TASK DETAILS –
Reproduce, please, the line that holds "HAVLÍK Otto 1949" and all later lines through the end of the entries below, exactly; omit pictures.

INFORMATION SUPPLIED –
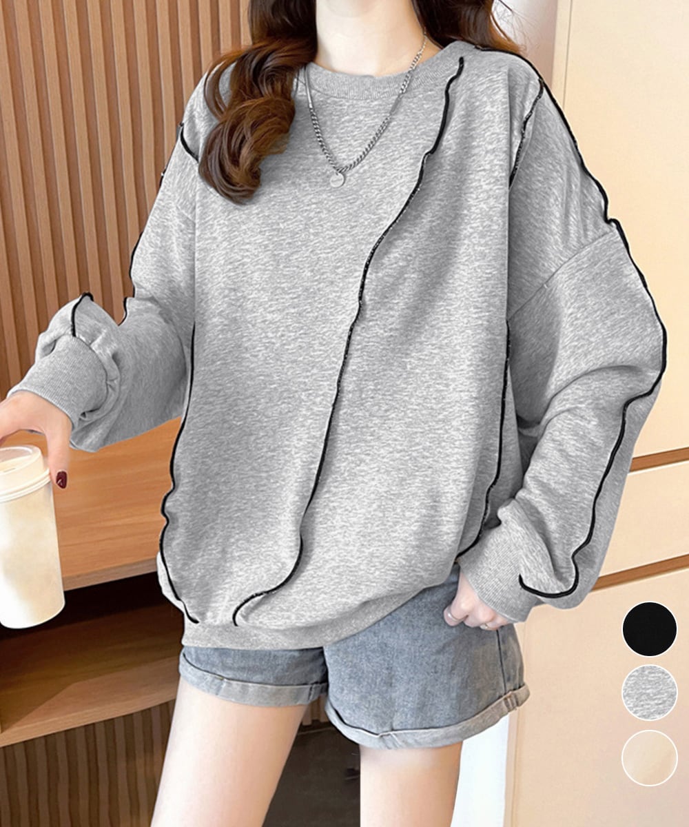 【日本倉庫からの発送】 ステッチスウェット ゆったり トレーナー #[24TPS-066_23000]【送料込み】【251029】
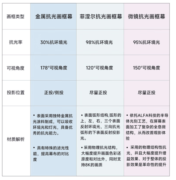 目前抗光幕主要有三种类型,高端的金属抗光幕,菲涅尔抗光幕以及微镜抗光幕。三种幕布根据抗光率的不同,可视角度不同。同时只有金属幕布是适合激光电视的,而后面两种可以用于正投的投影机。
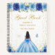 Cet élégant et glamour livre d'hôtes en sweet sixteen présente une belle princesse aux cheveux foncés et à la peau foncée en robe bleue. Le texte combine écriture manuscrite et polices sans serif modernes pour un look élégant et sophistiqué. Les compositions florales, les papillons et les confettis d'or créent un mélange parfait de rustique et de chic. Graphiques par www.etsy.com/uk/shop/SunflowerDayLove
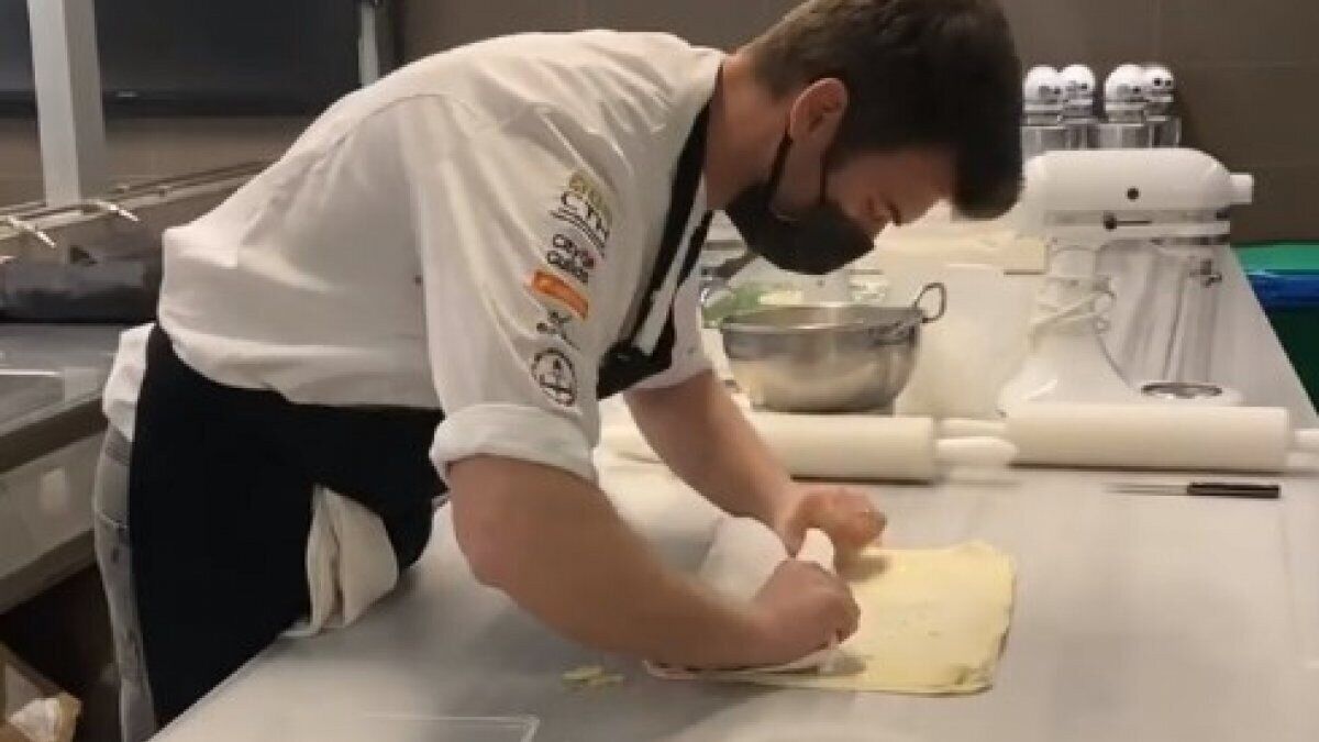 “Elmalı Strudel” adlı tatlı için kollarını sıvayan Tatlıtuğ hamur açtı, sonrasında malzemelerini dizdi.
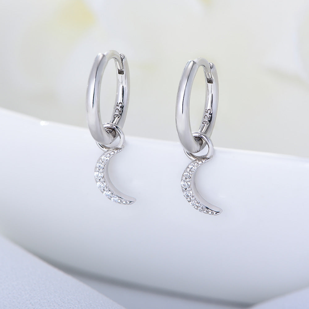 [Love Lucky]S925 Silber Zirkon Mond Ohrringe
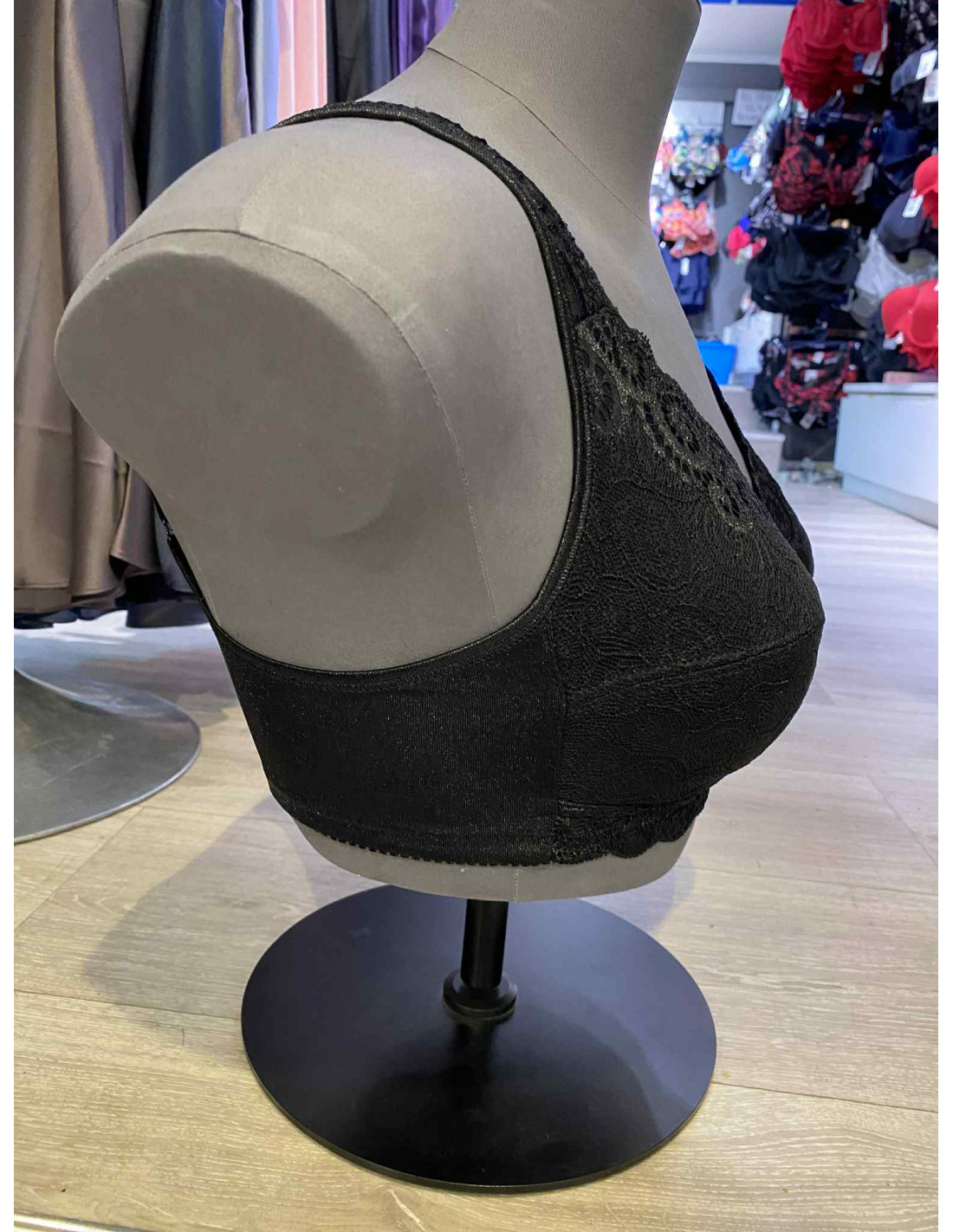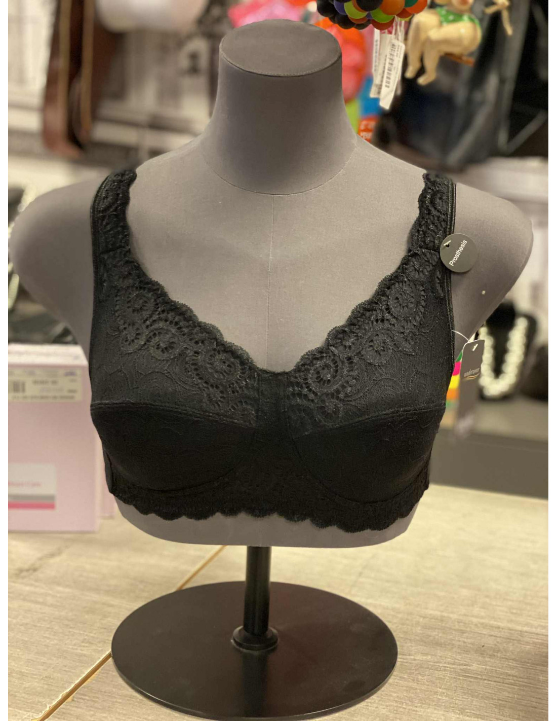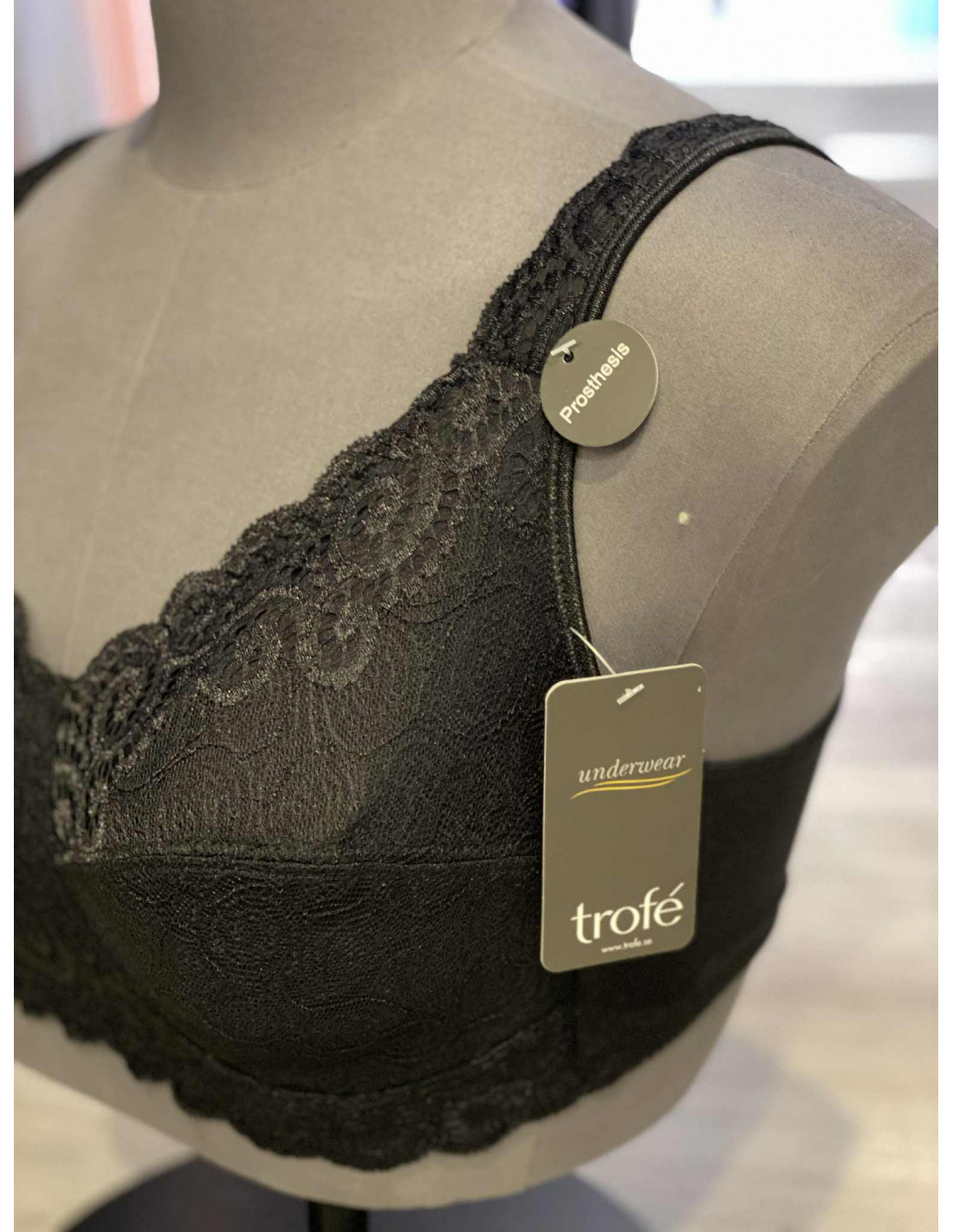 Livia uten bøyle mastektomi, god, nydelig uten innlegg. Hele fronten er laget av myk og behagelig, vevd blonde, synlig gjennomsiktig mellom cupene. Blonden fortsetter opp på skulderstroppene. Ryggbånd i halvblankt stoff og justerbare skulderstropper. Lukkes bak. Cup Full dekning. Plass til proteser. Uten bøyle. Materiale 85 % polyamid, 15 % elastan
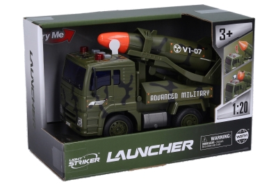 Auto vojenské s raketou. Velikost 19 cm. Na setrvačník. Světelné a zvukové efekty tlačítky na kabině auta. Pohyblivé odpalovací zařícení. 3xAG13 baterie součástí.
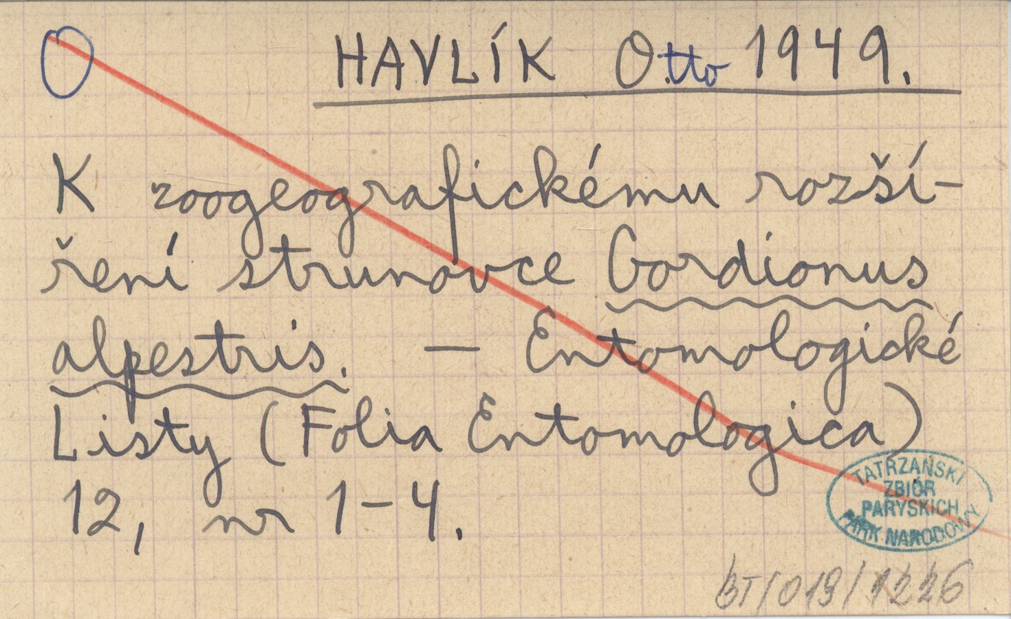 HAVLÍK Otto 1949 K zoogeografickému rozšíření strunovce Gordionus alpestris.
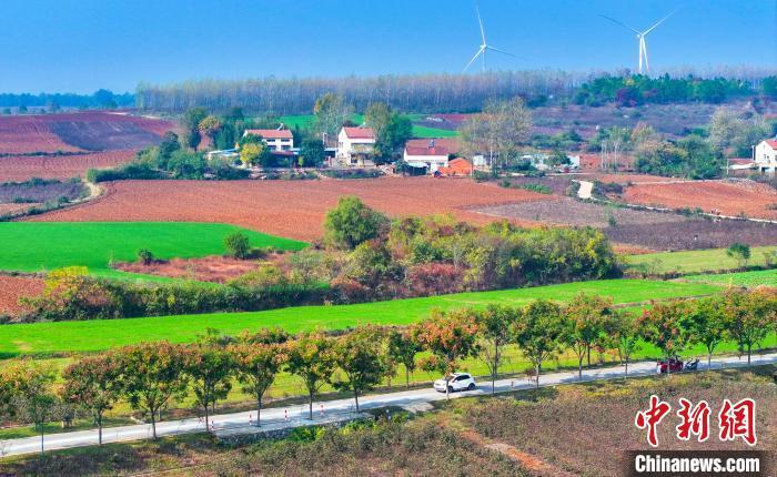 初冬時節(jié),驅(qū)車駛?cè)牒笔∫顺鞘薪鹆_線,阡陌通途,不少市民游客沿公路騎行打卡,一路歡歌而上。

OUTPUT –
 HAVLÍK Otto 1949 K zoogeografickému rozšíření strunovce Gordionus alpestris.
 初冬時節(jié),驅(qū)車駛?cè)牒笔∫顺鞘薪鹆_線,阡陌通途,不少市民游客沿公路騎行打卡,一路歡歌而上。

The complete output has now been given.